Action item: Set down, please, exactly the lines below that run from the line with "दिल्ली के निजी" to the line with "Sen CF15 Coffee là", both lines included.

Extracted data:
____________

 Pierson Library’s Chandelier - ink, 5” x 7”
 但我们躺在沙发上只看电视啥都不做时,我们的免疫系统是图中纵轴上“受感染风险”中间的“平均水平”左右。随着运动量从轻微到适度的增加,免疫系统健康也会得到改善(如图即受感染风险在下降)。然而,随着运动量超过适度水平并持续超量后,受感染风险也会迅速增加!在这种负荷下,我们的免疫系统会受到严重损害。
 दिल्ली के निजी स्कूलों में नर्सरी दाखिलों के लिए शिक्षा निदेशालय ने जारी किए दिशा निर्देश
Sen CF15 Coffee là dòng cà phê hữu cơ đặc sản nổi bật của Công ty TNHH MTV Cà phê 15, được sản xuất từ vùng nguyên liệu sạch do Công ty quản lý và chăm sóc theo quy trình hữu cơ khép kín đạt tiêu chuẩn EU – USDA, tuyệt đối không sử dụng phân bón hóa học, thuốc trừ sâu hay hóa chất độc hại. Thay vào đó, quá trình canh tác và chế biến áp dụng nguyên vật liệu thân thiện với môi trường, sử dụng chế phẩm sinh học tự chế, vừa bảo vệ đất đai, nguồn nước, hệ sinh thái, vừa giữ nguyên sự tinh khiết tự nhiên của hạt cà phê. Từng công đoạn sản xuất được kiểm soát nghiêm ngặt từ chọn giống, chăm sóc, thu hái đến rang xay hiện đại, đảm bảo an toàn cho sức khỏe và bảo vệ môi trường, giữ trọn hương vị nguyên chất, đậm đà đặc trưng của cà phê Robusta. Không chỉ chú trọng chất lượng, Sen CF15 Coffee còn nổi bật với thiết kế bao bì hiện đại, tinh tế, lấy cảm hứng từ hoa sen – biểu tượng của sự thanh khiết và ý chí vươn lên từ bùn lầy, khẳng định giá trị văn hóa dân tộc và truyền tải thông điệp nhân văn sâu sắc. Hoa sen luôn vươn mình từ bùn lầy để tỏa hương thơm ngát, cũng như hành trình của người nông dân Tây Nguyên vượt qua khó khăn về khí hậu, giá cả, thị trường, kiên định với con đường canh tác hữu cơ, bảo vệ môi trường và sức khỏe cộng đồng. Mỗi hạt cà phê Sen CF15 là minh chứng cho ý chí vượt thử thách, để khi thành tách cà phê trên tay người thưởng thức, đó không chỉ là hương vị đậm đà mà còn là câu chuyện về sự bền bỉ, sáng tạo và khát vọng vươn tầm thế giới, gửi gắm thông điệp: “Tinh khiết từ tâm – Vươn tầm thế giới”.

____________

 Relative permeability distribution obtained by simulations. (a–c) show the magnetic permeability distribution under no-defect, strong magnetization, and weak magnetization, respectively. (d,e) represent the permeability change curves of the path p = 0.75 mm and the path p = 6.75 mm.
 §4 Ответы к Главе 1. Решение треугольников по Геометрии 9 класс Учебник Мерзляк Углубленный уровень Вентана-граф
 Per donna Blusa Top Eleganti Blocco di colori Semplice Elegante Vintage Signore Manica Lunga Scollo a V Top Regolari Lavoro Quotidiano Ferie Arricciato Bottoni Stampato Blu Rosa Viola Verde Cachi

____________

Exercise solution:
 दिल्ली के निजी स्कूलों में नर्सरी दाखिलों के लिए शिक्षा निदेशालय ने जारी किए दिशा निर्देश
Sen CF15 Coffee là dòng cà phê hữu cơ đặc sản nổi bật của Công ty TNHH MTV Cà phê 15, được sản xuất từ vùng nguyên liệu sạch do Công ty quản lý và chăm sóc theo quy trình hữu cơ khép kín đạt tiêu chuẩn EU – USDA, tuyệt đối không sử dụng phân bón hóa học, thuốc trừ sâu hay hóa chất độc hại. Thay vào đó, quá trình canh tác và chế biến áp dụng nguyên vật liệu thân thiện với môi trường, sử dụng chế phẩm sinh học tự chế, vừa bảo vệ đất đai, nguồn nước, hệ sinh thái, vừa giữ nguyên sự tinh khiết tự nhiên của hạt cà phê. Từng công đoạn sản xuất được kiểm soát nghiêm ngặt từ chọn giống, chăm sóc, thu hái đến rang xay hiện đại, đảm bảo an toàn cho sức khỏe và bảo vệ môi trường, giữ trọn hương vị nguyên chất, đậm đà đặc trưng của cà phê Robusta. Không chỉ chú trọng chất lượng, Sen CF15 Coffee còn nổi bật với thiết kế bao bì hiện đại, tinh tế, lấy cảm hứng từ hoa sen – biểu tượng của sự thanh khiết và ý chí vươn lên từ bùn lầy, khẳng định giá trị văn hóa dân tộc và truyền tải thông điệp nhân văn sâu sắc. Hoa sen luôn vươn mình từ bùn lầy để tỏa hương thơm ngát, cũng như hành trình của người nông dân Tây Nguyên vượt qua khó khăn về khí hậu, giá cả, thị trường, kiên định với con đường canh tác hữu cơ, bảo vệ môi trường và sức khỏe cộng đồng. Mỗi hạt cà phê Sen CF15 là minh chứng cho ý chí vượt thử thách, để khi thành tách cà phê trên tay người thưởng thức, đó không chỉ là hương vị đậm đà mà còn là câu chuyện về sự bền bỉ, sáng tạo và khát vọng vươn tầm thế giới, gửi gắm thông điệp: “Tinh khiết từ tâm – Vươn tầm thế giới”.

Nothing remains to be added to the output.